Reputation: 1167
I have a text file which contains content scraped from webpages. The text file is structured like this:
|NEWTAB|lkfalskdjlskjdflsj|NEWTAB|lkjsldkjslkdjf|NEWTAB|sdlfkjsldkjf|NEWLINE|lksjlkjsdl|NEWTAB|lkjlkjlkj|NEWTAB|sdkjlkjsld
|NEWLINE| indicates the start of a new line (i.e., a new row in the data) |NEWTAB| indicates the start of a new field within a line (i.e. a new column in the data)
I need to split the text file into fields and lines and store in an array or some other data structure. Content between |NEWLINE| strings may contain actual new lines (i.e. \n), but these don't indicate an actual new row in the data.
I started by reading each character in one by one and looking at sets of 8 consecutive characters to see if they contained |NEWTAB|. My method proved to be unreliable and ugly. I am looking for the best practice on this. Would the best method be to read the whole text file in as a single string, and then use a string split on "|NEWLINE|" and then string splits on the resulting strings using "|NEWTAB|"?
Many thanks!
Upvotes: 2
Views: 2869
Reputation: 7579
You could do something like this:
Scanner scanner = new Scanner(new File("myFile.txt"));
List<List<String>> rows = new ArrayList<List<String>>();
List<String> column = new ArrayList<String>();
while (scanner.hasNext()) {
for (String elem : scanner.nextLine().split("\\|")) {
System.out.println(elem);
if (elem.equals("NEWTAB") || elem.equals(""))
continue;
else if (elem.equals("NEWLINE")) {
rows.add(column);
column = new ArrayList<String>();
} else
column.add(elem);
}
}
Took me a while to write it up, since I don't have IntelliJ or Eclipse on this computer and had to use Emacs.

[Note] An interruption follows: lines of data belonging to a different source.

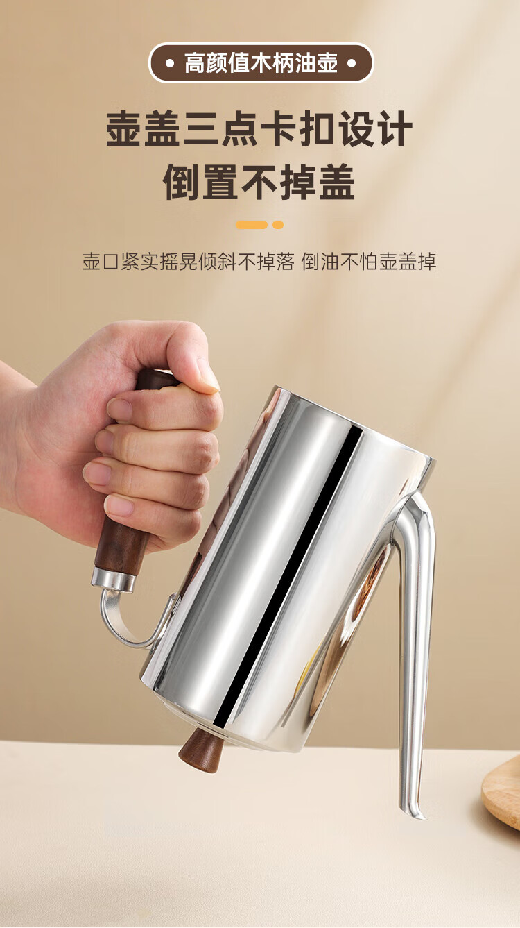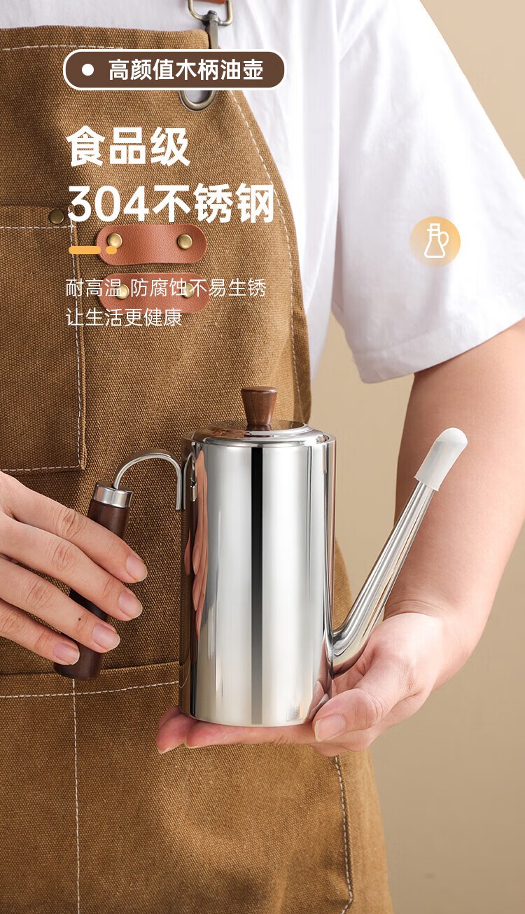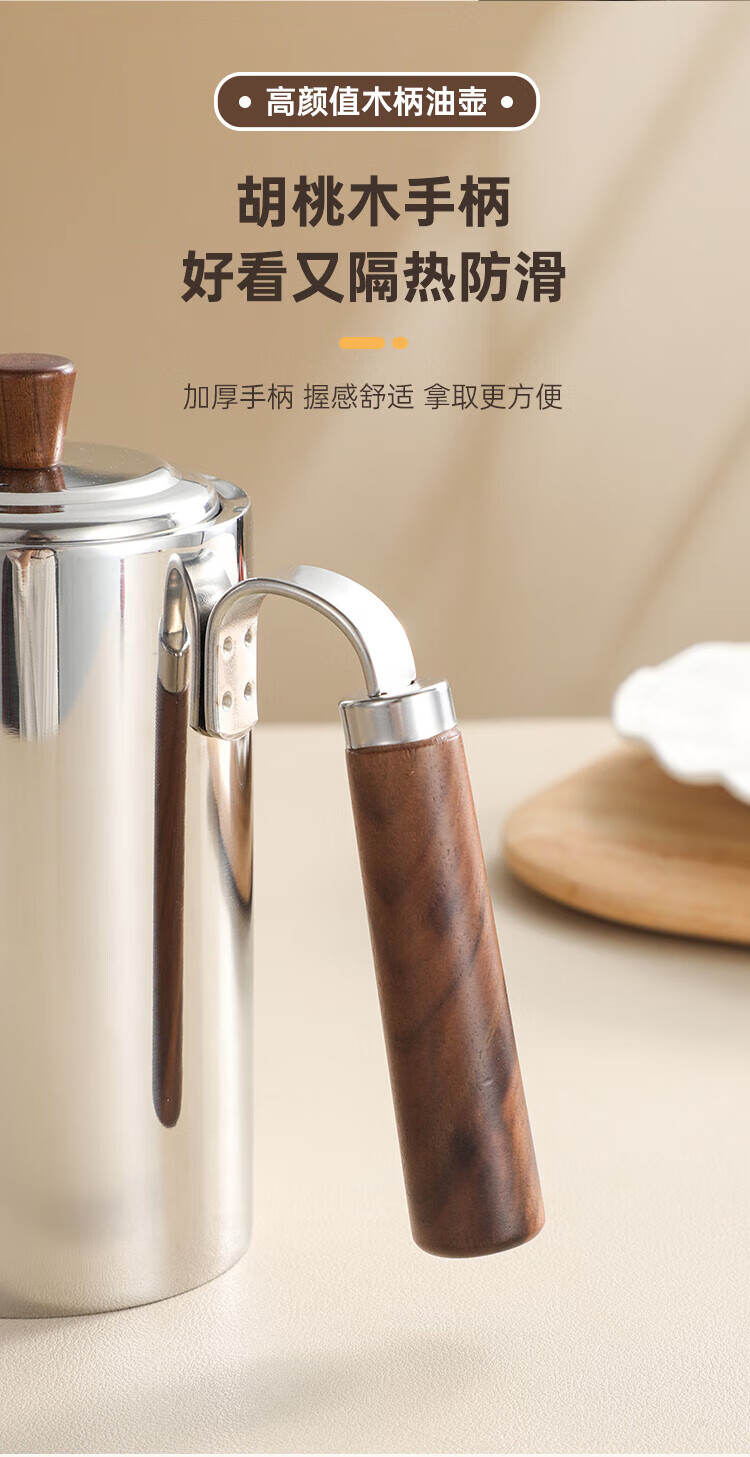 (巨邦佑)BJ+物芯质造304木柄油壶 高颜值经久耐用两种规格控油不漏油抗腐防锈清洗方便
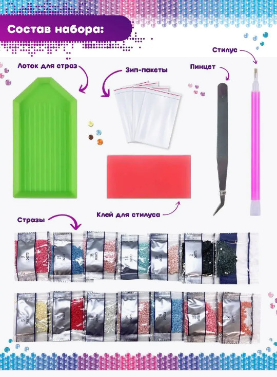 Алмазные картины на канве — это тренд рынка товаров для творчества! И мы создали для вас шикарную коллекцию алмазных мозаик, покоряющую сердца. Самые востребованные дизайны, подтвержденные анализом рынка, придутся по вкусу даже притязательным ценителям блестящих картин для дома. Качественные материалы и модернизированные инструменты для работы позволят в полной мере насладиться творческим процессом. Наша новая алмазная мозаика на канве понравится и детям, и взрослым! Наслаждайтесь творчеством вместе с нами!
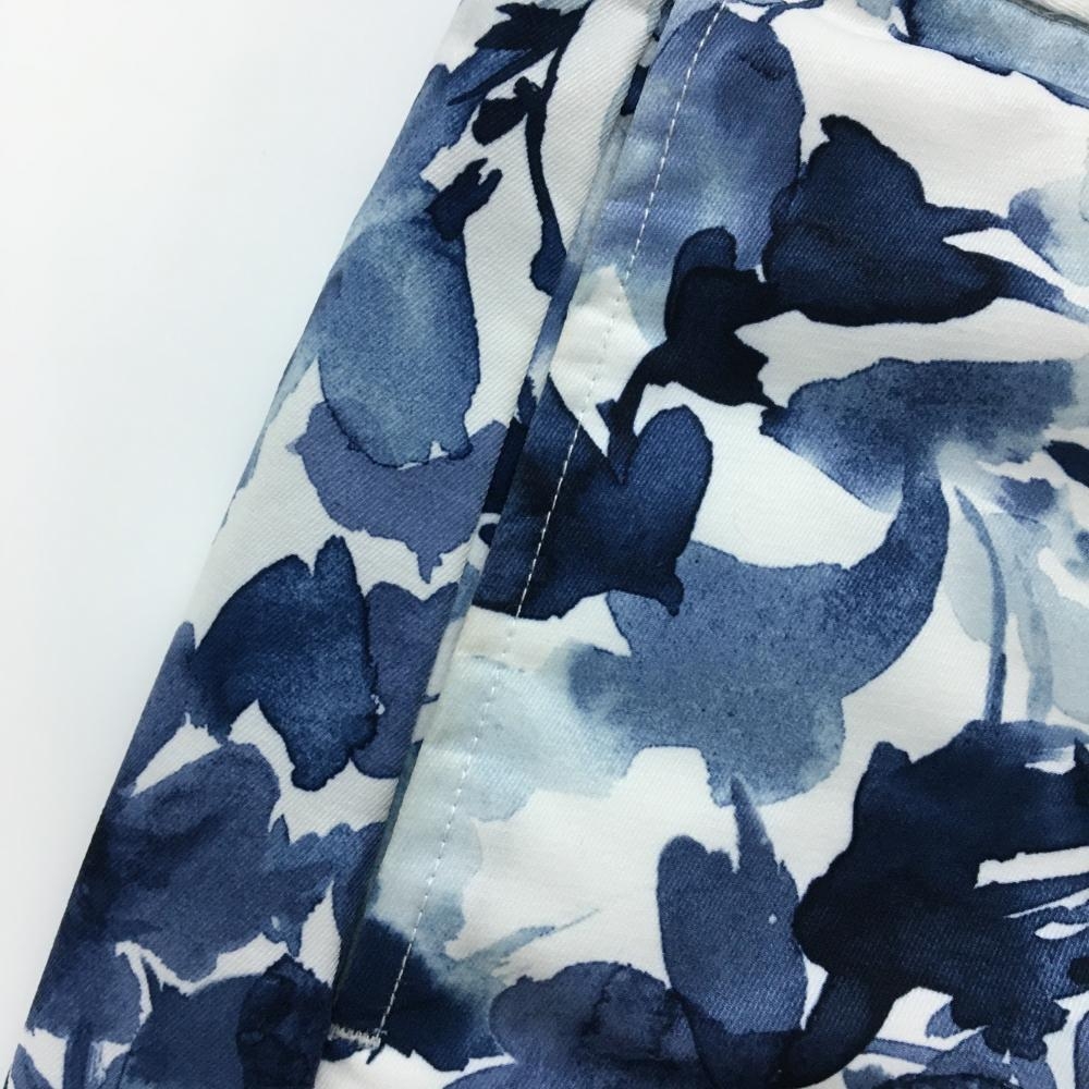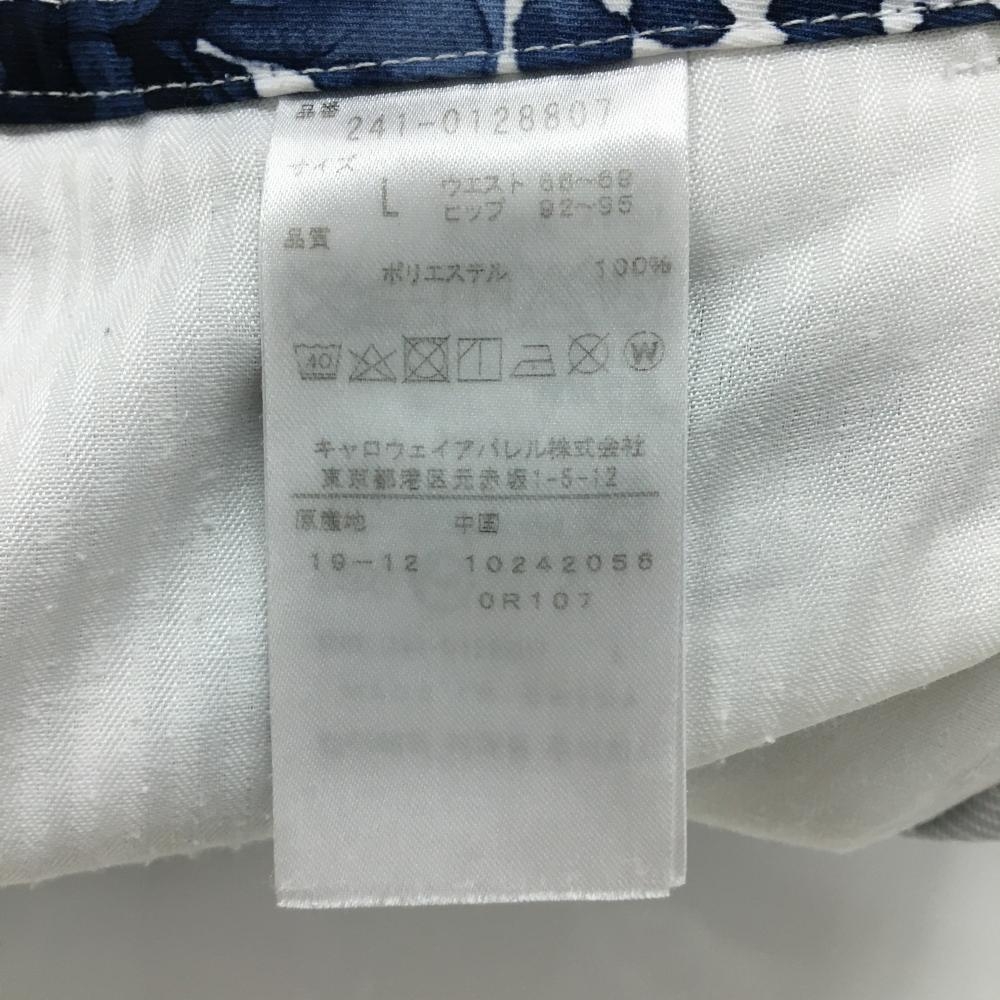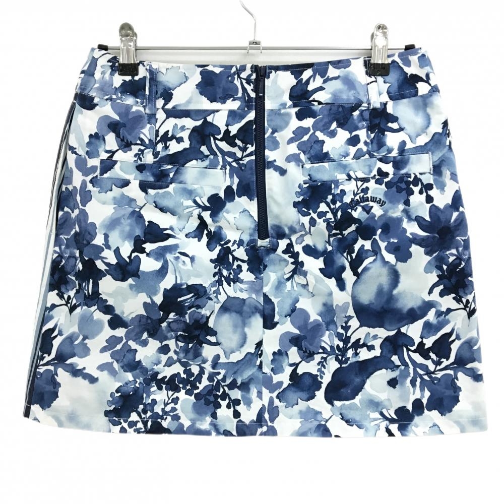 【美品】キャロウェイ スカート 白×ネイビー 花柄 一部ストライプ 後ろジップ レディース L ゴルフウェア Callaway

EDIT: This is a bit more verbose than I like, but it works with |
s that are part of the text:
Scanner scanner = new Scanner(new File("myFile.txt"));
List<List<String>> rows = new ArrayList<List<String>>();
List<String> lines = new ArrayList<String>();
String line = "";
while (scanner.hasNext()) {
line += scanner.nextLine();
int index = 0;
while ((index = line.indexOf("|NEWLINE|")) >= 0) {
lines.add(line.substring(0, index));
line = line.substring(index + 9);
}
}
if (!line.equals(""))
lines.add(line);
for (String l : lines) {
List<String> columns = new ArrayList<String>();
for (String column : l.split("\\|NEWTAB\\|"))
if (!column.equals(""))
columns.add(column);
rows.add(columns);
}
Upvotes: 1
Reputation: 1167
I think that the other answers will work too, but my solution is as follows:
FileReader inputStream = null;
StringBuilder builder = new StringBuilder();
try {
inputStream = new FileReader(args[0]);
int c;
char d;
while ((c = inputStream.read()) != -1) {
d = (char)c;
builder.append(d);
}
}
finally {
if (inputStream != null) {
inputStream.close();
}
}
String myString = builder.toString();
String rows[] = myString.split("\\|NEWLINE\\|");
for (String row : rows) {
String cols[] = row.split("\\|NEWTAB\\|");
/* do something with cols - e.g., store */
}
Upvotes: 1